EXERCISE BRIEF -> Please transcribe, word for word, only the lines from the one containing "巴塞羅那 vs 紐卡斯爾(首回合1-1)" through the last line of the records below, both included, and leave out every picture.

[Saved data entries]
**********

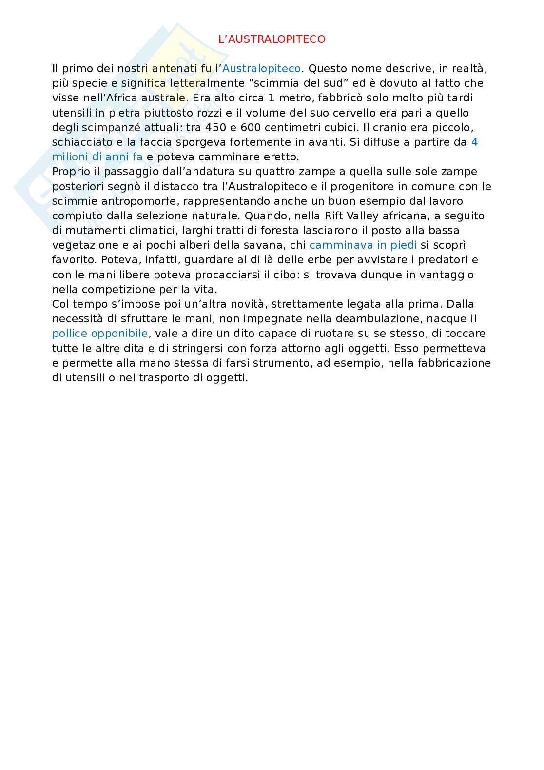 Il primo dei nostri antenati fu l’australopiteco. Questo nome descrive in realtà più specie e significa letteralmente "scimmia del sud" ed è dovuto al fatto che visse nell’Africa australe. Era alto circa un metro, fabbricò solo molto più tardi utensili in pietra piuttosto rozzi e il volume del suo cervello era pari a quello degli scimpanzé attuali: tra 450 e 600 centimetri cubici. Il cranio era piccolo, schiacciato e la faccia sporgeva fortemente in avanti. Si diffuse a partire da quattro milioni di anni fa e poteva camminare eretto.
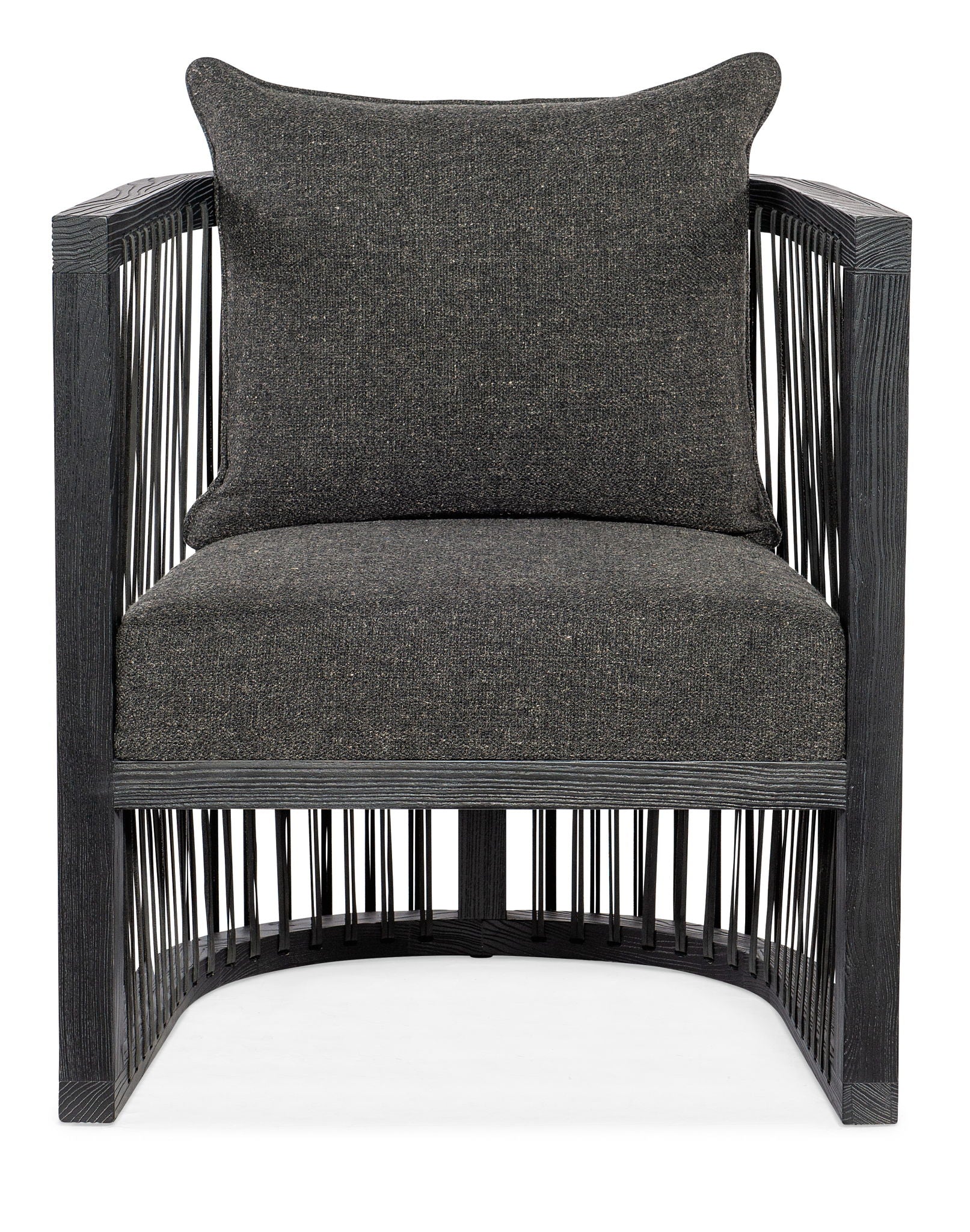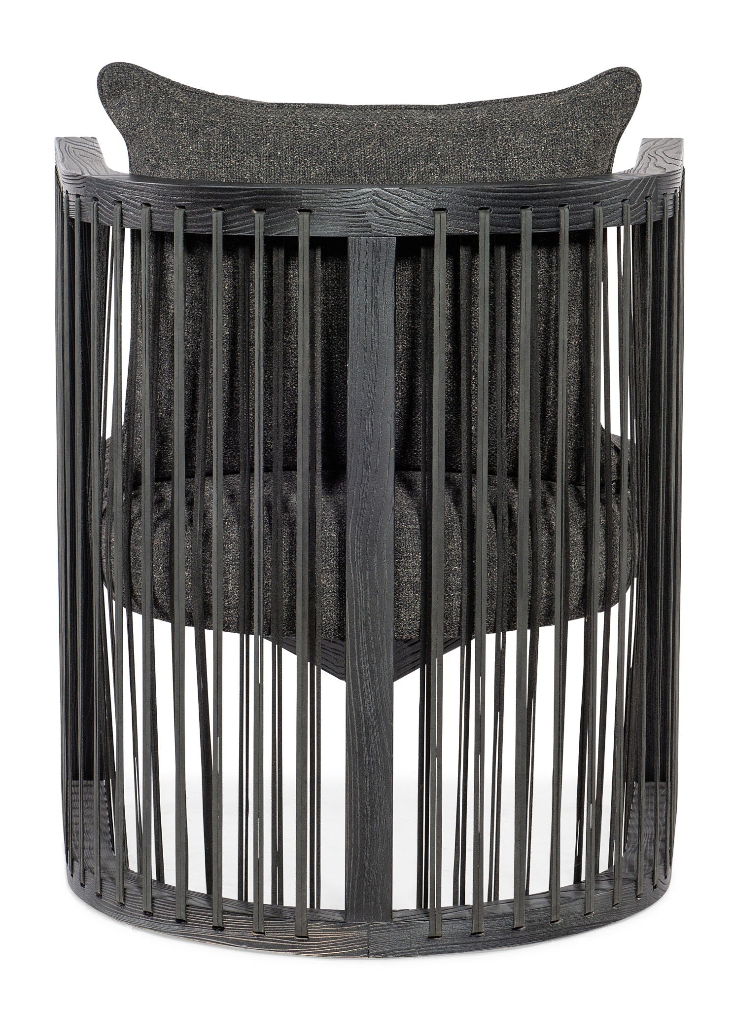 Modern, sophisticated and organic, the Wilde Club Chair has a distinct U-shaped frame in a charred and distressed black finish that is achieved through Shou Sugi Ban with top-grain leather strapping all the way around. There’s a tight seat and loose pillow back upholstered in Lovegood Kohl.
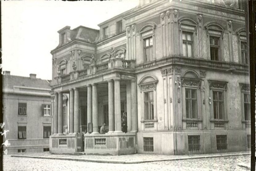 „Zgrada je bila bogato dekorisana fasadnom plastikom sa klasičnim motivima. U prizemlju, prozori su bili ukrašeni balustradama, konzolicama i reljefnim poljima u natprozorniku“. Dalje kaže da su „uglove fasade u prizemlju i na spratu ukrašavale su udvojene lizene, ukrasne imitacije stubova u plitkom reljefu, koje su se u prizemlju završavale korintskim kapitelima, a na spratu elementima keramoplastike upečatljivih zoomorfnih motiva i ženskih neoklasicističkih lica koja su se ponavljala duž cele fasade.“
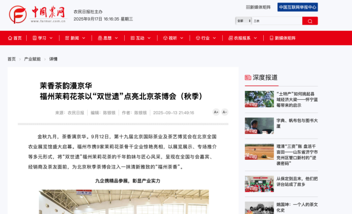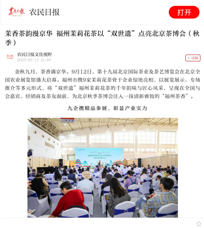 农民日报:茉香茶韵漫京华 福州茉莉花茶以“双世遗”点亮北京茶博会(秋季)
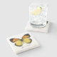 Elegant stone coaster with digital graphics of a orange, black, and yellow butterfly. Black script text reads whatever you want it to say. Makes a lovely gift idea.
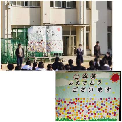 全校集会後、来週中学校を卒業する3年生へ、生徒会が中心となり1・2年生の生徒が3年生を送る会を催しました。
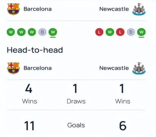 巴塞羅那 vs 紐卡斯爾(首回合1-1)
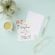 Tenga en cuenta que esta invitación está en papel de volante y es muy delgada. Los sobres no están incluidos. Para invitaciones más gruesas (el mismo diseño) visite nuestra tienda. Para una Baby Shower, celebrando a una niña. Un fondo blanco moda. Decorada con un rosa de color oro rosa y color rosa claro, flor, eucalipto floral y verde, hojas, una primavera dorada. Personalice y agregue un nombre y detalles del fiesta. El texto: Baby Shower y el nombre de la madre a ser están escritos con una escritura de estilo con letras a mano moderna. Atrás: color de fondo dorado rosa.
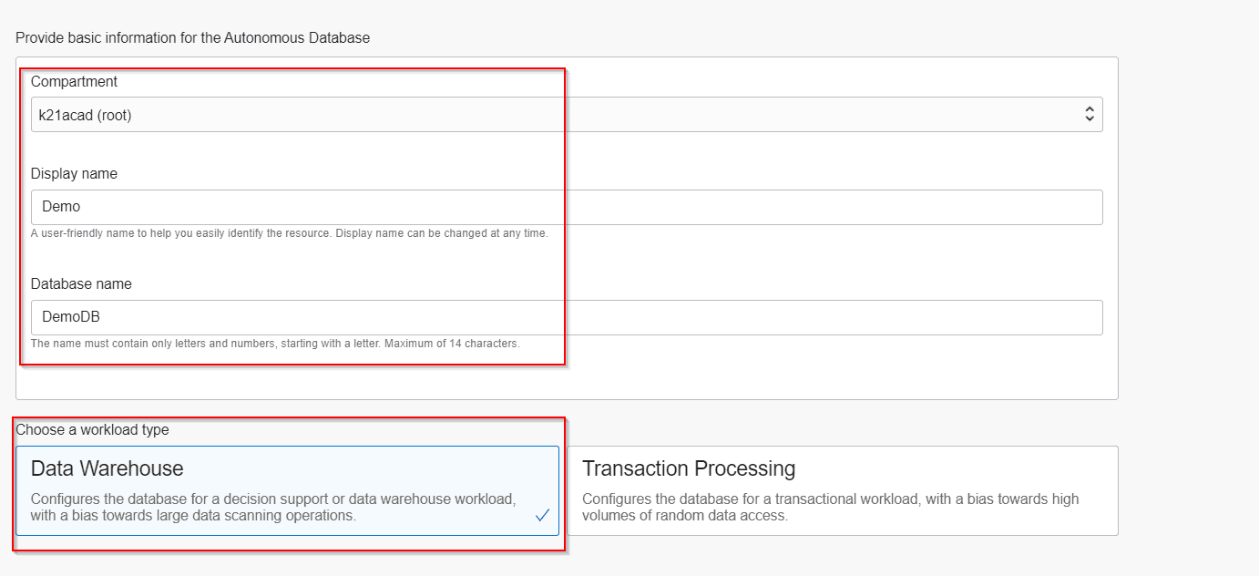 5) Select compartment inside which you want to create the Instance, Enter the Display name and database name and Choose a workload type.

**********

SOLUTION TO THE EXERCISE ->
 巴塞羅那 vs 紐卡斯爾(首回合1-1)
 Tenga en cuenta que esta invitación está en papel de volante y es muy delgada. Los sobres no están incluidos. Para invitaciones más gruesas (el mismo diseño) visite nuestra tienda. Para una Baby Shower, celebrando a una niña. Un fondo blanco moda. Decorada con un rosa de color oro rosa y color rosa claro, flor, eucalipto floral y verde, hojas, una primavera dorada. Personalice y agregue un nombre y detalles del fiesta. El texto: Baby Shower y el nombre de la madre a ser están escritos con una escritura de estilo con letras a mano moderna. Atrás: color de fondo dorado rosa.
 5) Select compartment inside which you want to create the Instance, Enter the Display name and database name and Choose a workload type.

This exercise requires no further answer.